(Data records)

++++++++++++++++++++

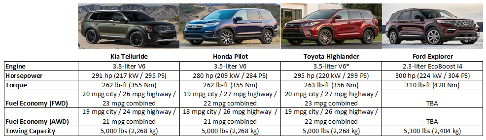 The Telluride certainly has a lot going for it, but it’s far from the only family-friendly crossover on the market. In fact, Kia wants to challenge well established competitors such as the Ford Explorer, Honda Pilot and Toyota Highlander. Those are the segment heavyweights, so we decided to see how they all stack up.
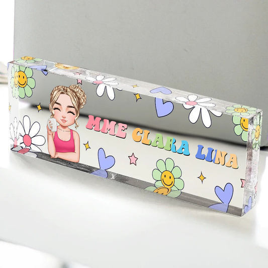 Plaque de bureau personnalisée pour enseignant – Motif crayon
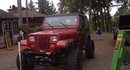 1990 Jeep YJ with a Ford 9in 3:50 gears w factory limited slip rear, Ford HP Dana 44, 3:50 gear open diff front, SOA, custom drive shafts, Ford np205, custom made t case to trans adapter plate, SM 465 transmission, Small Block Chevy 350 bored .030 over, mild cam, Holley 650 carb, ported and polished heads, 33x12.50 TSL SSR’s. Drives great with no no bump steer but still working out the bugs as we go. She is a thirsty girl passing everything BUT the gas station.
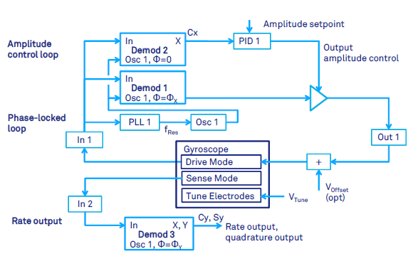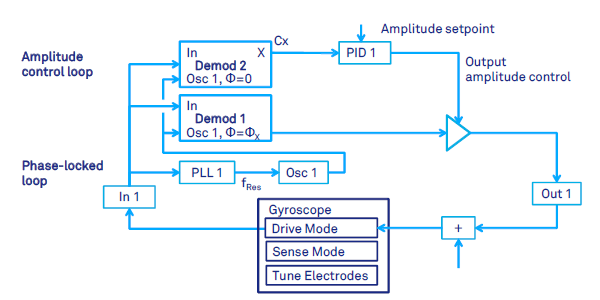 センスモード振動の速度と直交は、復調器6によって測定され、それぞれPID 2 および PID 3 によって制御されます。
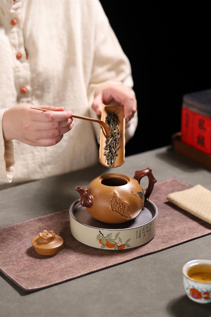 【泥料特點】砂土氣重,似淳實農民,日久使用,漸露鋒芒,養成變化,溫潤莊重。紫砂是壹種雙重氣孔結構的多孔性材質,氣孔微細,密度高。用紫砂壺沏茶,不失原味,且香不渙散,得茶之真香真味。紫砂使用越久,壺身色澤越發光亮照人,氣韻溫雅。紫砂壺長久使用器身會因撫摸擦拭,變得越發溫潤光澤。
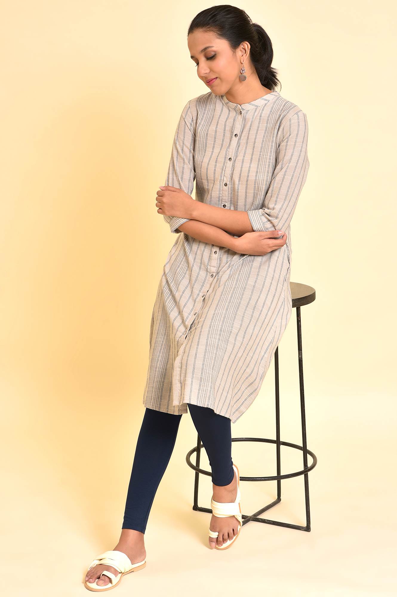 Midnight Blue Mid-Rise Knitted Tights In Viscose Lycra.
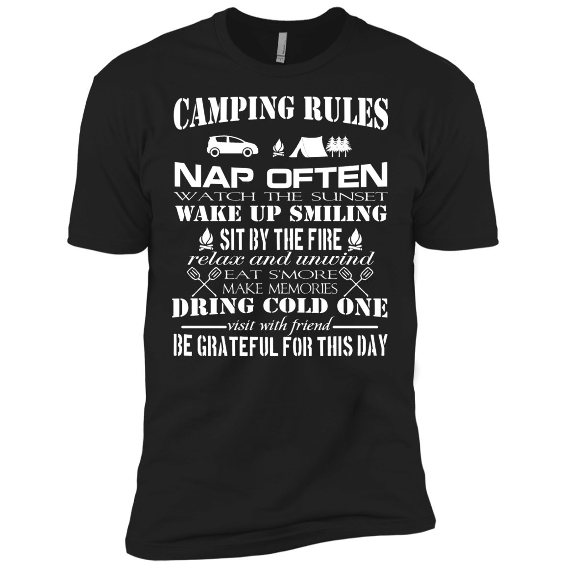 Choose your favorite " Camping Rules Wake Up Smiling Nap Often Relax T-Shirt " from a wide variety of unique high quality designs in various styles, colors and fits. Shop online...

++++++++++++++++++++

Assigned task: Output every record exactly, minus the pictures.

Task answer:
 The Telluride certainly has a lot going for it, but it’s far from the only family-friendly crossover on the market. In fact, Kia wants to challenge well established competitors such as the Ford Explorer, Honda Pilot and Toyota Highlander. Those are the segment heavyweights, so we decided to see how they all stack up.
 Plaque de bureau personnalisée pour enseignant – Motif crayon
 1990 Jeep YJ with a Ford 9in 3:50 gears w factory limited slip rear, Ford HP Dana 44, 3:50 gear open diff front, SOA, custom drive shafts, Ford np205, custom made t case to trans adapter plate, SM 465 transmission, Small Block Chevy 350 bored .030 over, mild cam, Holley 650 carb, ported and polished heads, 33x12.50 TSL SSR’s. Drives great with no no bump steer but still working out the bugs as we go. She is a thirsty girl passing everything BUT the gas station.
 センスモード振動の速度と直交は、復調器6によって測定され、それぞれPID 2 および PID 3 によって制御されます。
 【泥料特點】砂土氣重,似淳實農民,日久使用,漸露鋒芒,養成變化,溫潤莊重。紫砂是壹種雙重氣孔結構的多孔性材質,氣孔微細,密度高。用紫砂壺沏茶,不失原味,且香不渙散,得茶之真香真味。紫砂使用越久,壺身色澤越發光亮照人,氣韻溫雅。紫砂壺長久使用器身會因撫摸擦拭,變得越發溫潤光澤。
 Midnight Blue Mid-Rise Knitted Tights In Viscose Lycra.
 Choose your favorite " Camping Rules Wake Up Smiling Nap Often Relax T-Shirt " from a wide variety of unique high quality designs in various styles, colors and fits. Shop online...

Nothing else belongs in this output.